**Dataset records**
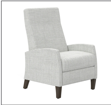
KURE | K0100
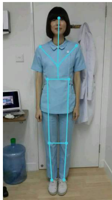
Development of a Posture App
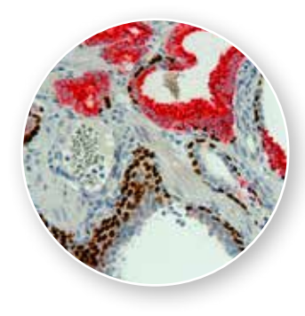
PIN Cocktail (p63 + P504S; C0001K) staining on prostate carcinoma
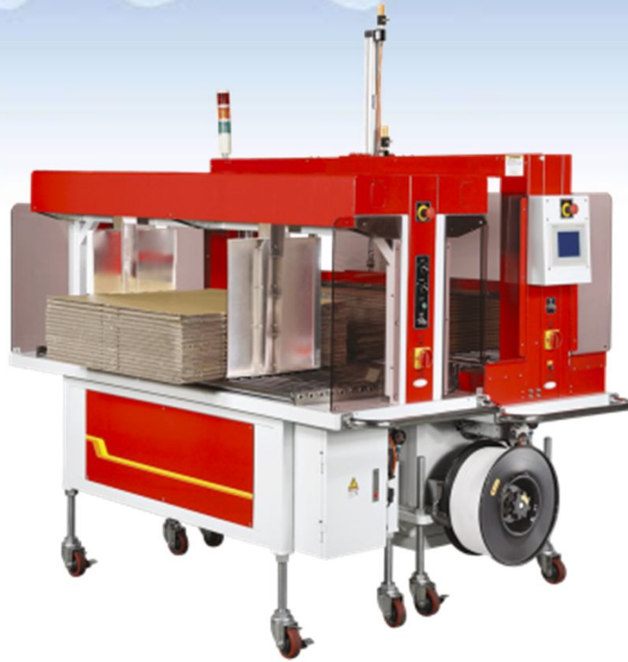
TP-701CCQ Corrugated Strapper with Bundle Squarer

---

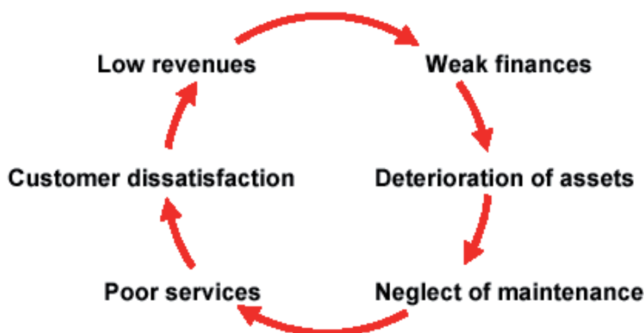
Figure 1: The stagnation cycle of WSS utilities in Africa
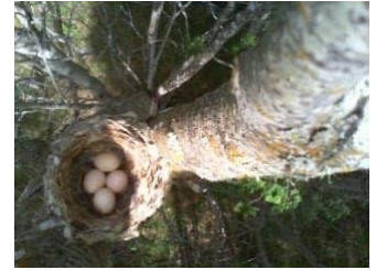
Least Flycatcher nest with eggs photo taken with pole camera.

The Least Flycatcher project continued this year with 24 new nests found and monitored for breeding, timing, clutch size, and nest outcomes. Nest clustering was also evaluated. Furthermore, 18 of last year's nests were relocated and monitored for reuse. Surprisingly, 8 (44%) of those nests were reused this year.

--

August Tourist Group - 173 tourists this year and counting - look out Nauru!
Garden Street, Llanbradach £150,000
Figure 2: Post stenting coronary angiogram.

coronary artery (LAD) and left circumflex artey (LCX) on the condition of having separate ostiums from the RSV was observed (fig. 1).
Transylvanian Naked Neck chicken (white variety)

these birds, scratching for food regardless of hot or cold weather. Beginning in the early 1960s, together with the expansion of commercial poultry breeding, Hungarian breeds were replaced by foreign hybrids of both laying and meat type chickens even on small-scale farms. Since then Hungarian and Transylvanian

**About this task**
Beginning at the line above with "August Tourist Group" and finishing at the line with "these birds, scratching", return each line exactly and return nothing else.

**Exercise solution**
August Tourist Group - 173 tourists this year and counting - look out Nauru!
Garden Street, Llanbradach £150,000
Figure 2: Post stenting coronary angiogram.

coronary artery (LAD) and left circumflex artey (LCX) on the condition of having separate ostiums from the RSV was observed (fig. 1).
Transylvanian Naked Neck chicken (white variety)

these birds, scratching for food regardless of hot or cold weather. Beginning in the early 1960s, together with the expansion of commercial poultry breeding, Hungarian breeds were replaced by foreign hybrids of both laying and meat type chickens even on small-scale farms. Since then Hungarian and Transylvanian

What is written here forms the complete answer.